Spark Connector Reader practice

Spark Connector's Reader function provides an interface for users to program to read data. One point / edge type of data is read at a time, and the result is DataFrame.

Let's start the practice by pulling the Spark Connector code on GitHub:

Git clone-b v1.0 git@github.com:vesoft-inc/nebula-java.gitcd nebula-java/tools/nebula-sparkmvn clean compile package install-Dgpg.skip-Dmaven.javadoc.skip=true

Copy the compiled package to the local Maven library.

Examples of applications are as follows:

Add nebula-spark dependencies to the pom file of the mvn project

Com.vesoft nebula-spark 1.1.0

Read Nebula Graph data in the Spark program:

/ / read Nebula Graph point data val vertexDataset: Dataset [Row] = spark.read .nebula ("127.0.0.1 Row 45500", "spaceName", "100") .loadVerticesToDF ("tag", "field1,field2") vertexDataset.show () / / read Nebula Graph edge data val edgeDataset: Dataset [Row] = spark.read .nebula ("127.0.0.1 Row 45500", "spaceName" LoadEdgesToDF ("edge", "*") edgeDataset.show ()

Configuration instructions:

Nebula (address: String, space: String, partitionNum: String)

Address: multiple addresses can be configured to be separated by commas, such as "ip1:45500,ip2:45500" space: graphSpacepartitionNum of Nebula Graph: set the number of partition when spark reads Nebula, and try to use the partitionNum in the Nebula Graph specified when creating Space, to ensure that the partition of a Spark reads the data of Nebula Graph a part.

LoadVertices (tag: String, fields: String)

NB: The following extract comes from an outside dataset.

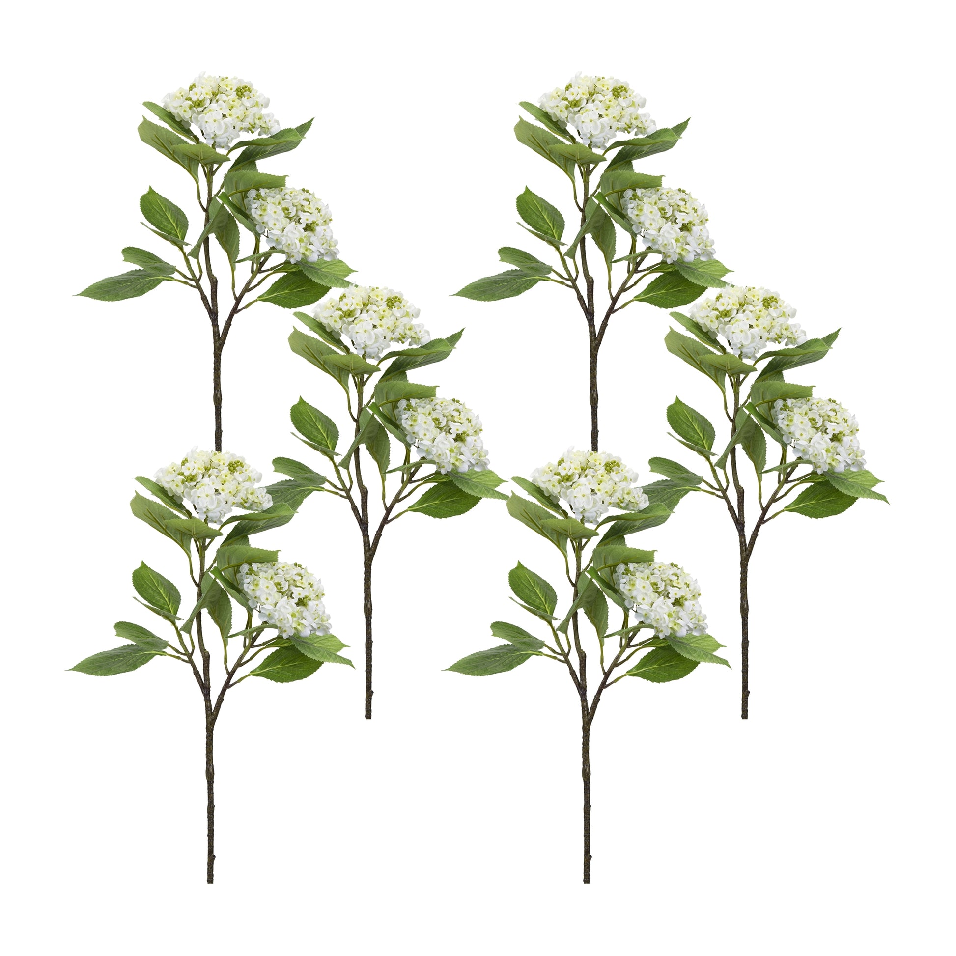 Hydrangea Branch (Set Of 6) 32"H Polyester, White, Green, Brown

Tagfields of the tag:Nebula Graph midpoint: the fields in the Tag, with multiple field names separated by commas. Means only the fields in fields are read, and * means all fields are read.

LoadEdges (edge: String, fields: String)

Edgefields in edge:Nebula Graph: a field in this Edge, with multiple field names separated by commas. It means to read only the fields in fields. * it means to read all the fields mentioned above is what the principle and practice of Spark Connector Reader is like. Have you learned any knowledge or skills? If you want to learn more skills or enrich your knowledge reserve, you are welcome to follow the industry information channel.

Welcome to subscribe "Shulou Technology Information " to get latest news, interesting things and hot topics in the IT industry, and controls the hottest and latest Internet news, technology news and IT industry trends.

*The comments in the above article only represent the author's personal views and do not represent the views and positions of this website. If you have more insights, please feel free to contribute and share.